You probably won't find any completely "tagless" blank t-shirts because t-shirts have to have some type of tags in them when they are made for sale.

You may find t-shirts with easy to tear away tags which makes it easy for relabeling. There's a list of those type t-shirts here: http://www.t-shirtforums.com/find-wholesale-blank-t-shirts-other-imprintable-products/t51133.html

When people want t-shirts with their own brand tag in the neck label, they usually just buy whatever t-shirt brand they like and remove tags (whether it's woven in like American Apparel or tear away like Alstyle) and then have the screen printer they work with sew in new tags for them or screen print a printed label in the neckline.


----------



## shirtsinbulk (Feb 6, 2009)

The Tagless T-shirts by Hanes are really popular. They are also soft as well.


----------



## Rodney (Nov 3, 2004)

shirtsinbulk said:


> The Tagless T-shirts by Hanes are really popular. They are also soft as well.

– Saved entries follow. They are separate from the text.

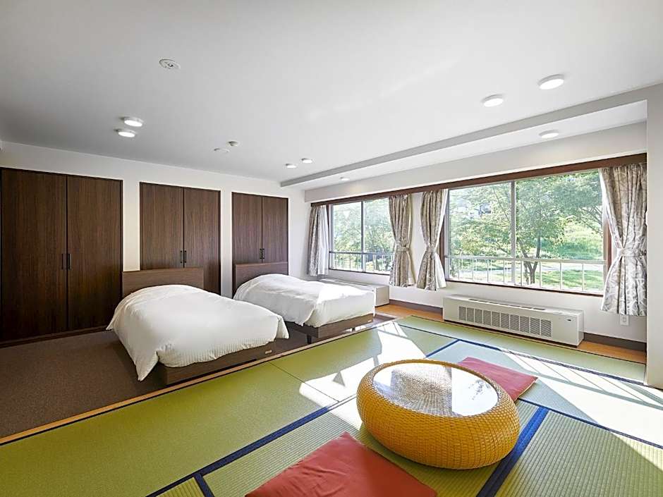The spacious quadruple room provides air conditioning, tatami, as well as a private bathroom featuring a bath and a shower. The unit offers 2 beds and 3 futons.
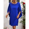 Spring and Summer New Fashion European and American Style round Collar, Blue Loose Casual Half Length Cape Sleeve Dress Dress Dress Dress
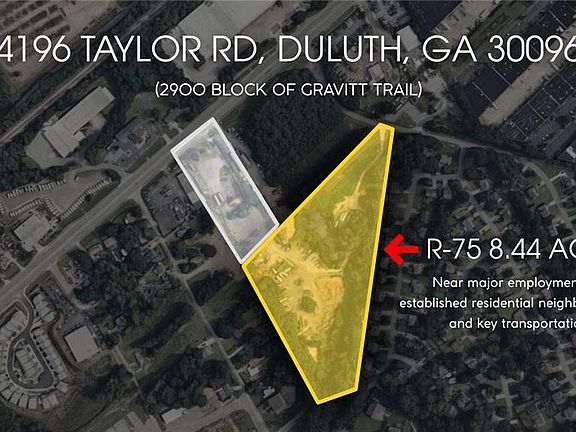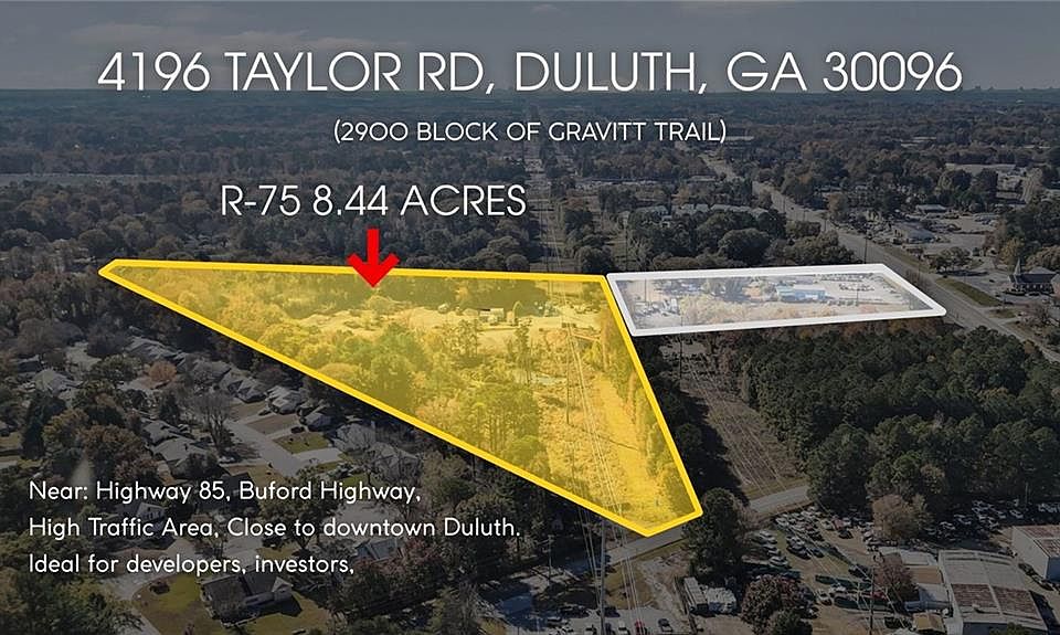 Excellent residential development opportunity in the heart of Duluth. This 8.44-acre R-75 parcel is positioned just off Buford Highway and offers a prime setting for townhomes, build-for-rent communities, or infill residential development. The majority of the property is clear, gently sloped, and easy to work with, providing an efficient starting point for future construction. The site sits directly behind a 3.24-acre C-2 commercial parcel on Buford Highway (same owner, sold separately). Both parcels may be purchased together, creating a combined 11.68-acre assemblage ideal for larger-scale residential or mixed-use projects with commercial frontage. Located minutes from major employment hubs, retail corridors, and established neighborhoods, this property offers strong long-term growth potential within one of Gwinnett County’s fastest-appreciating submarkets. Ideal for builders, developers, or investors seeking a versatile, well-located residential site with optional commercial integration.
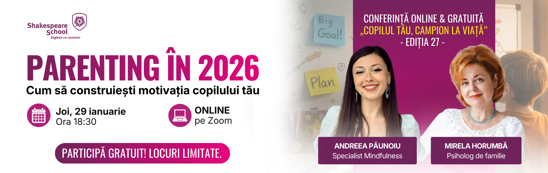 Tema: „PARENTING ÎN 2026: Cum să construiești motivația copilului tău?”
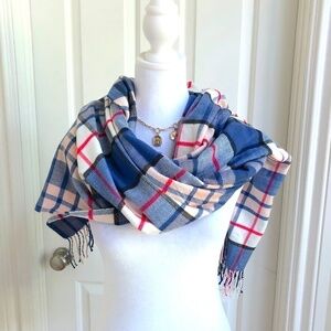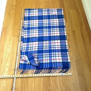 Lord & Taylor Plaid Scarf Red White & Blue Fringe
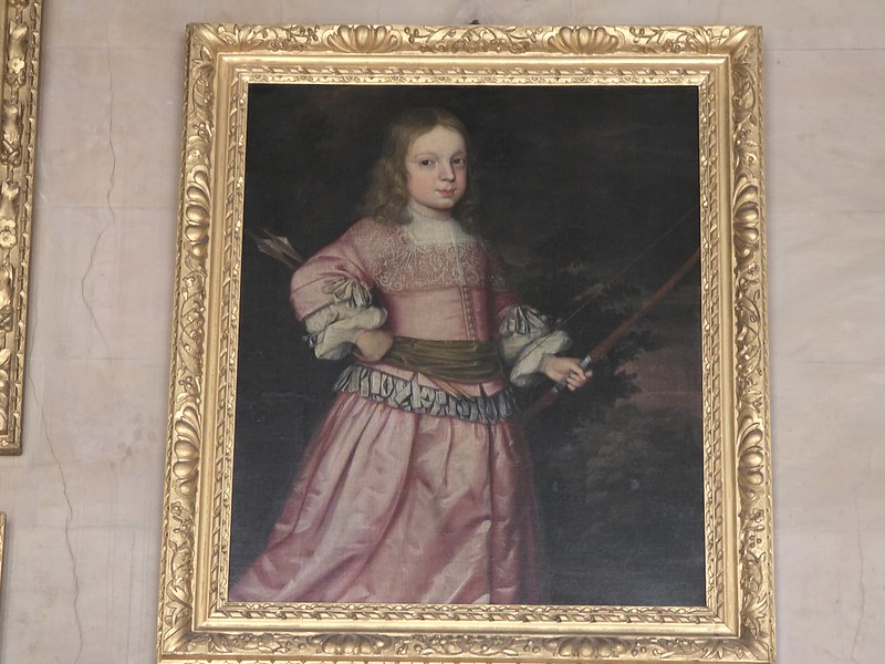 This painting is displayed in the Great Hall of Charlecote House and was given to the National Trust by Sir Montgomerie Fairfax-Lucy (1896 – 1965) in 1946 when the property and most of its contents were transferred to them. This is probably Davenport Lucy (1659/1660-1690) although it was previously thought to have been Elizabeth Lucy. This habit from the time of dressing children up as girls has certainly caused some issues in identifying centuries later on who is who. It’s not known who painted it and the National Trust’s estimated painting date of 1660 is a little aspirational given when Davenport was born and so it likely dates to around 1665.

Those t-shirts still have printed tags in the neckline. The original poster was asking for t-shirts totally without tags.


----------



## hope4man (Nov 2, 2011)

i dont know of any except for the tear away tags that seam pretty good. i used to use the hanes 4980 but then they went completely tagless and started transferring their logo on the inside of the neck


----------



## 321go (Aug 13, 2011)

anvil tearaway tag. you just pull on it and it comes out, they are pretty good. they dont shrink or lose shape either


----------



## 321go (Aug 13, 2011)

here is the link Anvil Heavyweight Blue Label T-Shirt - Style A779 - From PAG Leisurewear


----------



## hanan24 (May 25, 2011)

I want to start my brand but still don't have a federal tax ID to order blank t-shirt from American Apparel, so what should I do I need help.


----------



## 321go (Aug 13, 2011)

hanan24 said:


> I want to start my brand but still don't have a federal tax ID to order blank t-shirt from American Apparel, so what should I do I need help.


are you sure you cant order from them without a tax id? give them a call or send an email to check. If not then see if they have them on ebay, alot of people sell blank apparel at wholesale prices on ebay, and the postage costs are usually cheaper than from the main distributers.
Most wholesalers dont "need" a tax id to buy from them, not here in the UK atleast


----------